The disclosure relates to display devices and more particularly relates to bit slice addressing of Liquid Crystal Display (LCD) and multi bit-slicing of Active Matrix LCD (AMLCD).
Pixels are interconnected such that each pixel can be addressed uniquely with a row and a column electrode in LCD. Therefore, LCD has as many digital to analog converters (DACs) as the number of columns in the display to control intensity of pixels whereas just three DACs are adequate to control the intensity of pixels in CRT. It is desirable to have a mechanism which is similar to z-modulation of CRT to control intensity of pixels in flat panel displays.
Bit Slice Addressing (BSA) proposed by T. N. Ruckmongathan in “An addressing technique to drive blue phase LCDs,” Publisher: Society for Information Display, IDW'10, Proceedings of the international display workshop, p 607, 2010, has the elegance and simplicity of z-modulation of CRT. BSA is based on using fast responding LCD as a dynamic mask to display the bit planes of images sequentially, while simultaneously controlling the intensity of backlight to be proportional to the bit-weight of the bit frame that is displayed. When bit frames of images are displayed in a rapid manner it is perceived as the original image by humans due to the integrating nature of human vision.

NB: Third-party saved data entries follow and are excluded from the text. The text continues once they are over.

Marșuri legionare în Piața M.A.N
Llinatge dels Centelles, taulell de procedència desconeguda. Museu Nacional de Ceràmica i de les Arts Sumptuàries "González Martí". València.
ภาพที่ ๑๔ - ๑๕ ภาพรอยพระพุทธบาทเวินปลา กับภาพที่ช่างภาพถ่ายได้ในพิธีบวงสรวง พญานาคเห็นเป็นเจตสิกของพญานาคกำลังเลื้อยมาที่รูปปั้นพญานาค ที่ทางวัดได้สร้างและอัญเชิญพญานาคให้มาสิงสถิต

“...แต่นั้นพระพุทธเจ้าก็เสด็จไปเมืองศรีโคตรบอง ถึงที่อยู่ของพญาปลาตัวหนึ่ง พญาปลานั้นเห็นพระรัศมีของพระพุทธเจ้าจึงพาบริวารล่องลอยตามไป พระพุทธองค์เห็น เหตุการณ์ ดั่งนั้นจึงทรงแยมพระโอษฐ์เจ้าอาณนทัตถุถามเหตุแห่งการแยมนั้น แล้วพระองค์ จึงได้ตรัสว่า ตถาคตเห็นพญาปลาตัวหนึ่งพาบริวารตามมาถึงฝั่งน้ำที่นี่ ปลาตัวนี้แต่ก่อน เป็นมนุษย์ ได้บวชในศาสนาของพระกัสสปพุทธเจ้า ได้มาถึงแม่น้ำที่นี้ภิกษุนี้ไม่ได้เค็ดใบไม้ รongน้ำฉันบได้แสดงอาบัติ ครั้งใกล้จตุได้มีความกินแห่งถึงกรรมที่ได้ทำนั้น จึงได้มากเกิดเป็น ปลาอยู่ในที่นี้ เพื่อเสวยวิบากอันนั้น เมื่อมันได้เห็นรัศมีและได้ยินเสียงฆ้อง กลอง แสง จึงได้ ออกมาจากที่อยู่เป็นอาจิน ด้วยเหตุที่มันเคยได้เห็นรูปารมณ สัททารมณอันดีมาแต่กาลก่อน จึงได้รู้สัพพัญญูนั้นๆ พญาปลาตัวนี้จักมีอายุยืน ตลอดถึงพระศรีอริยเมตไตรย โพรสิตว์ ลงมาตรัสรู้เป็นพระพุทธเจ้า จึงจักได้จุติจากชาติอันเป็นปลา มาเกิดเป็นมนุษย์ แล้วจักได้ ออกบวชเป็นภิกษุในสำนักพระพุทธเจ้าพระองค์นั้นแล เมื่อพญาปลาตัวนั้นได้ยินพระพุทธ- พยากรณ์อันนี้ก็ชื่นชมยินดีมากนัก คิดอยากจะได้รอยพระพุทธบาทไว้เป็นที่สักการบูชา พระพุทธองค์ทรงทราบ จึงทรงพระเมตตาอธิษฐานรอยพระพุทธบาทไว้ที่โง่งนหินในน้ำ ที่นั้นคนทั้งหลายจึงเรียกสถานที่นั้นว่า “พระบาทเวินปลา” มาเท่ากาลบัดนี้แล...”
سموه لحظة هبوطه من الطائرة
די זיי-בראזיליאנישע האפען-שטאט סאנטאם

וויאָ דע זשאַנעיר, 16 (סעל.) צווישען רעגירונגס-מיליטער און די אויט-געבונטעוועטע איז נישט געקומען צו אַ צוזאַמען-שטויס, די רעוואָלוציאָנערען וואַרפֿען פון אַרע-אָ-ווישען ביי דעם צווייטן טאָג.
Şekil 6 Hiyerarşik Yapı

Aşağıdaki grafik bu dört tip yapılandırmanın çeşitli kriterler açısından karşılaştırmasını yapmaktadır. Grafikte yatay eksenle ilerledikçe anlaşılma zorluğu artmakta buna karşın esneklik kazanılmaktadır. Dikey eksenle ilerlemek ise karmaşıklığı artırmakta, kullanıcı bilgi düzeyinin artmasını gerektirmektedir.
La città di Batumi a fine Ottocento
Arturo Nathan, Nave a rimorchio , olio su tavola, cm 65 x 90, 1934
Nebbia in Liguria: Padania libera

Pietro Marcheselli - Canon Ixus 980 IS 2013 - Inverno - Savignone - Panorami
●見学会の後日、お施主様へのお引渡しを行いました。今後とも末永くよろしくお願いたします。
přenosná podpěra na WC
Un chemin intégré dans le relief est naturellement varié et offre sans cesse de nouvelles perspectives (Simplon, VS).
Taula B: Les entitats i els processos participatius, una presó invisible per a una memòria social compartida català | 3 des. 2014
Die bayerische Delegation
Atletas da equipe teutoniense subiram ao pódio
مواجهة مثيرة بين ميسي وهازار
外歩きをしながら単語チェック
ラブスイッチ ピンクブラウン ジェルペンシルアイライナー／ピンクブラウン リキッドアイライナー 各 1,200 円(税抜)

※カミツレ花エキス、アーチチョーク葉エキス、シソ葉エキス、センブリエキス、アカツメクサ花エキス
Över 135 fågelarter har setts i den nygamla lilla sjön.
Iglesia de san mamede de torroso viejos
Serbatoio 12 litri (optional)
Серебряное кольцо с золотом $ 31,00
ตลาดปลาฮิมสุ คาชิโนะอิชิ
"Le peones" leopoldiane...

BSA replaces the complex DACs (8 to 10-bits) in data drivers with simple level shifters that are equivalent to 1-bit DACs. Power consumption of backlight can be reduced by switching “OFF” parts of backlight that illuminate clusters of pixels that are driven to “OFF” state in bit-plane frames. About 20 to 40% reduction in backlight power can be achieved even in images with good contrast and brightness by selective switching of backlight. A viewing angle characteristic that is independent of gray scales and consequently color purity of images, elimination of motion blur, large voltage margin for switching pixels etc., are some additional advantages of BSA. Ferroelectric LCD, a passive matrix type bi-stable display and active matrix type blue phase LCD can be driven with BSA. The main stream active matrix LCDs use either IPS (in-plane switching) or VAN (vertically aligned nematic) mode with response times of a few milliseconds. State of the art IPS and VAN LCDs are marginally slow for bit slice addressing. Multi-Bit Slice Addressing (MBSA) is proposed to drive AMLCDs with response times of a few milliseconds it is a trade-off between response time of the panel and hardware complexity of data drivers.